The Eastern Branch followed:

- Route 33 and Route 1 north from west of Vincennes to near Marshall
- Local roadways from Marshall to Route 121 at Charleston
- Routes 121 and 32 through Mattoon and Decatur to Lincoln

Alternate routes with no notable Lincoln ties (at least as far as the 1963 brochure indicated) included:

- One connecting Carmi via US 45 to Eldorado and Harrisburg, south to Route 1 and Cairo, and then northwest along Route 3 from Cairo to Chester
- Another from McLeansboro to Carbondale, then west on Route 13 to Route 3
- A route following US 24 from Petersburg to Quincy
- And finally a route via Route 96, US 34, US 150 and Route 121 from Quincy through Monmouth, Galesburg and Peoria back to Lincoln

== Decline ==
As the Interstate Highway System began to be completed in Indiana, Illinois and Kentucky throughout the 1970s, traffic numbers on these older state and U.S. highways declined and, eventually, as signs wore out, many were not replaced. This has been especially true in Kentucky.
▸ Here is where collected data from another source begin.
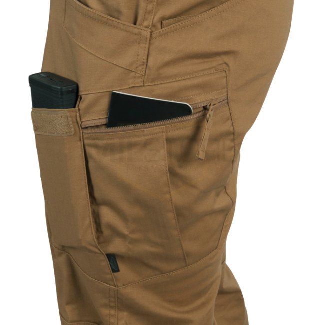"Some products have a kind of cult following. For each manufacturer facing a crowd of satisfied clients is not only enormous joy, but also confirmation that the product is right. What makes Urban Tactical Pants® so special? The cut and pockets layout employed in these pants maintain civilian enough outlook to retain anonymity, while retaining full functionality of combat pants, capable of supporting tactical essentials – at the same time not colliding with human anatomy. Elastic Velcro-closed belt allows easy adjustment. Wide belt loops allow as wide as 50 mm belt, including all HTX tactical belts: EDC, UTL® or Cobras®. Plus the cut employed, classical for blue jeans, reduced the tendency to ride down while in use. By judicious layout of the pockets, equipment can be placed close to the center mass, around the hips and waist. Front and rear pockets edges are reinforced to withstand constant movement of light or knife clips. Two Velcro-closed front pockets are big enough to carry a smartphone – or even an AR/AK rifle magazine. Thigh zippered pockets look flat – but its design allows pouches or wallets to be carried with ease. Bespoke internal pockets await being filled with Low Profile Protective Pads®. Three types of fabric plus wide variety of colors allows to match trousers to the rest of wardrobe or working conditions. Belt not included"
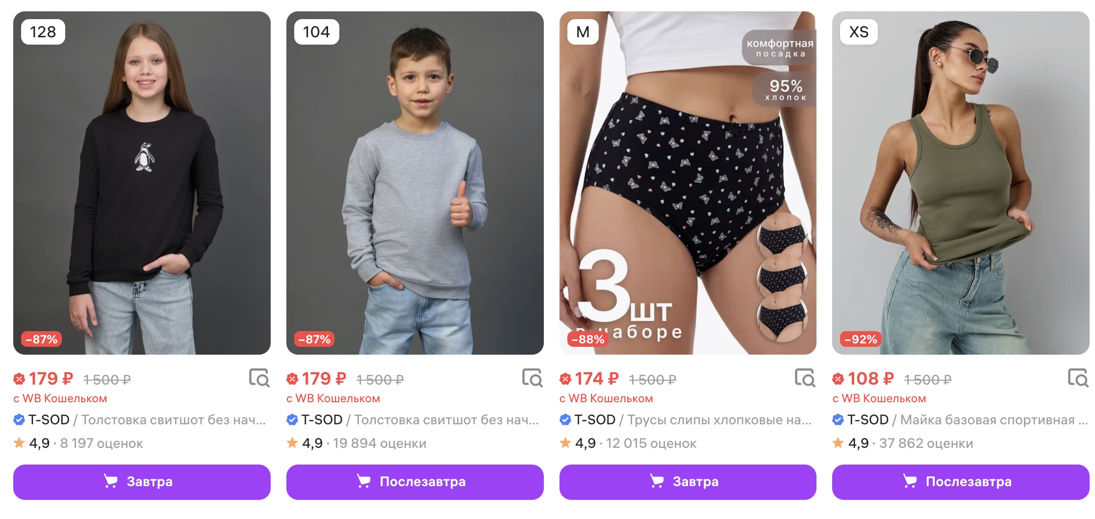 Размеров осталось очень мало! Ставь сортировку по нужному размеру. В каталоге майки от 108₽, женское нижнее белье от 174₽, детские толстовки от 179₽ и многое другое по низким ценам.
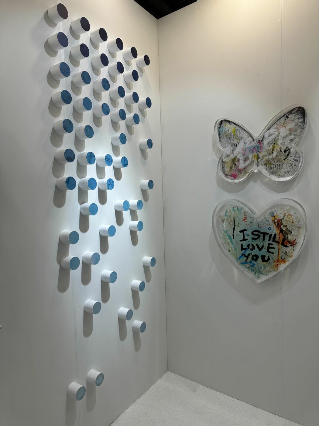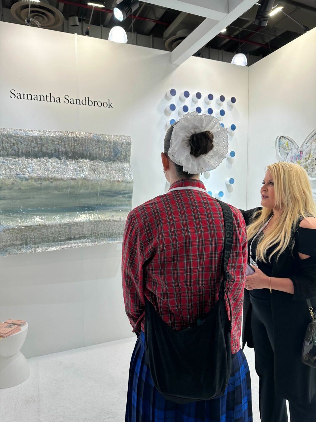 As I sashay—Carrie Bradshaw-style—through the ICFF 2024 showroom, my next Torontonian encounter is with artist and interior designer Samantha Sandbrook. Original artworks in shades of seafoam and cornflower blue hang on the walls, rife with hidden messages: ‘Beware the Dogs’ for one, referring to the Hollywood casting couch. Playfully blending her distinctive contemporary art style with years of interior design experience, Sandbrook plays with high contrast colours and raw industrial materials.
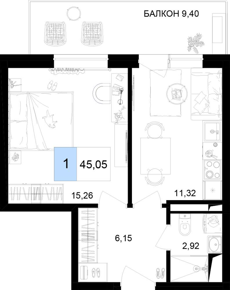 Продаются 1 комн. апартаменты, площадью 45.05 м2 в монолитной новостройке. Возможен вариант покупки с использованием ипотечных средств, есть рассрочка, возможна покупка с использованием материнского капитала, есть военная ипотека.
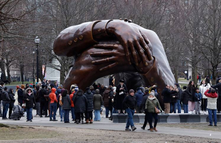 The 20-foot tall, 40-foot wide “The Embrace” statue was unveiled Friday on Boston Common, where King gave a speech on April 23, 1965, to a crowd of 22,000. The statue was inspired by a photograph of King and Scott King which captured them hugging after he won the Nobel Peace Prize in 1964.

Indiana has maintained signage on the main line of the Trail and rerouted it in some areas, as mentioned above. Alternate routes are generally no longer marked, but a notable exception is the segment of US 231 and SR 67 between Worthington and Spencer, where several reassurance markers can be seen.

Until recent years, Illinois, for its part, has done a much better job of continuing to maintain signage in many areas, and the route is fairly easy to follow. However, the Trail is no longer marked on IDOT highway maps produced for the public; the last to show it was the 2017–2018 issue.